Somehow you've built a narrative in your mind that makes it okay for Sony to take 5 or 6 years to release games but MS needs to push a much more aggressive schedule. MS did announce several projects much earlier on than Sony ever would, it's one thing to disagree with that choice. It's a completely different thing to complain about MS not releasing the finished games in the same time frame from these very early announcements as Sony typically would from their much later announcements.
Because Sony managed to begin improving their 1P output and exclusive games output in the late 2000s when Microsoft was cockblocking them from getting many of the big Western 3P exclusives and even preventing them from doing that for a lot of Japanese 3P games (tho in that case it was mostly thanks to 360 being wildly popular in the US & UK). Sony have earned the right to show CG trailers for big new games and take even 7 years to bring a game out such as the case with TLOU Part 2. Even then, though, they can overdo it sometimes; I think the time between them showing off Dreams and actually bringing it out was criminal. That was a mistake, hopefully they never reveal something so early ever again.

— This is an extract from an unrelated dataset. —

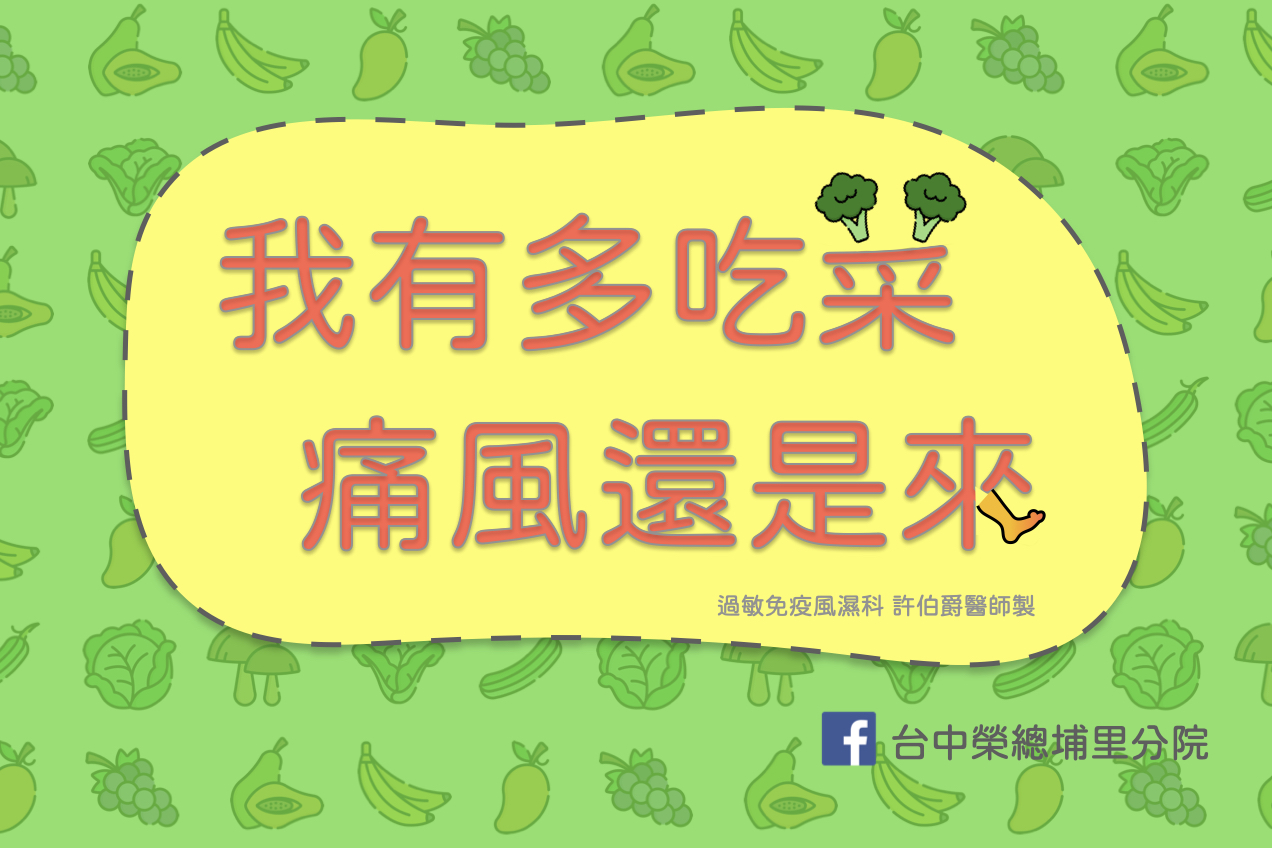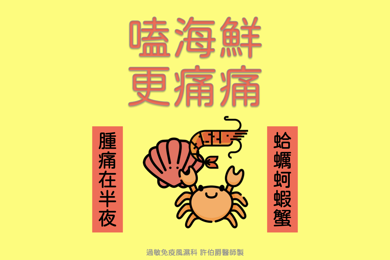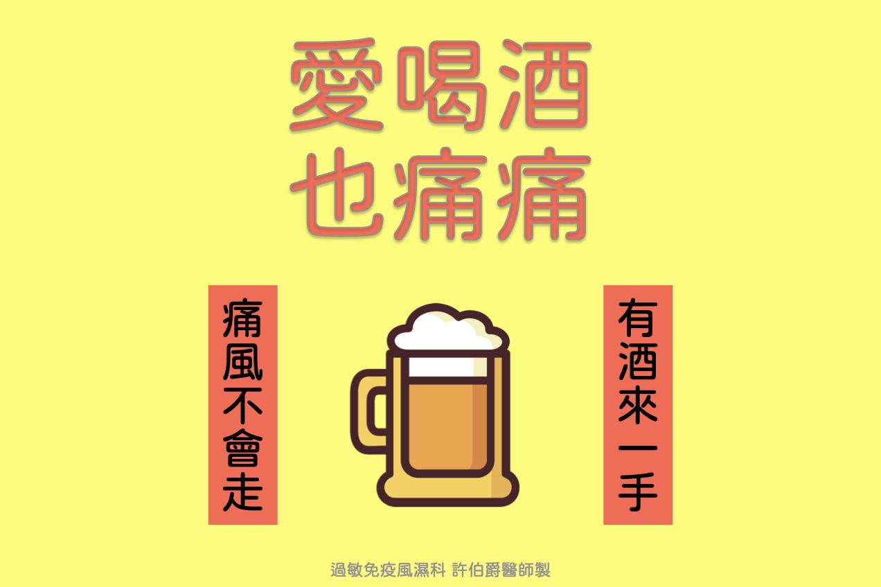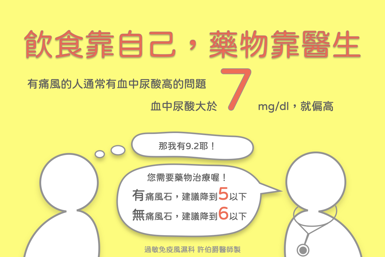 如果您已經有痛風,請記得痛風不是只有消炎解痛,要控制痛風發作,少吃海鮮跟肉,不要喝酒,不要喝含糖飲料,檢驗自己是否合併高尿酸血症,聽醫師的建議使用降尿酸藥物,長期控制尿酸,必須達到您的狀況所建議的目標,才有長期保養身體的功效。
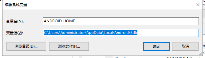 - 配置SDK路径:变量名:ANDROID_HOME;变量值为上一步看到的路径

Microsoft...have not earned that right, that patience and leniency with most gamers yet. This doesn't have anything to do with games taking 5-6 years btw; for AAA that's expected. The problem is it became pretty evident during mid 2020 (before the Zenimax announcement) and early 2021 that MS still didn't do much in the way of securing any big 3P AAA exclusives (timed or full), and had a majority of new 1P AAA games not Halo/Gears/Forza in the over that wouldn't see release until 2022 or (as it turned out) even later.
Microsoft lapsed to the point of letting that gap create itself in their release schedule, when they didn't have to.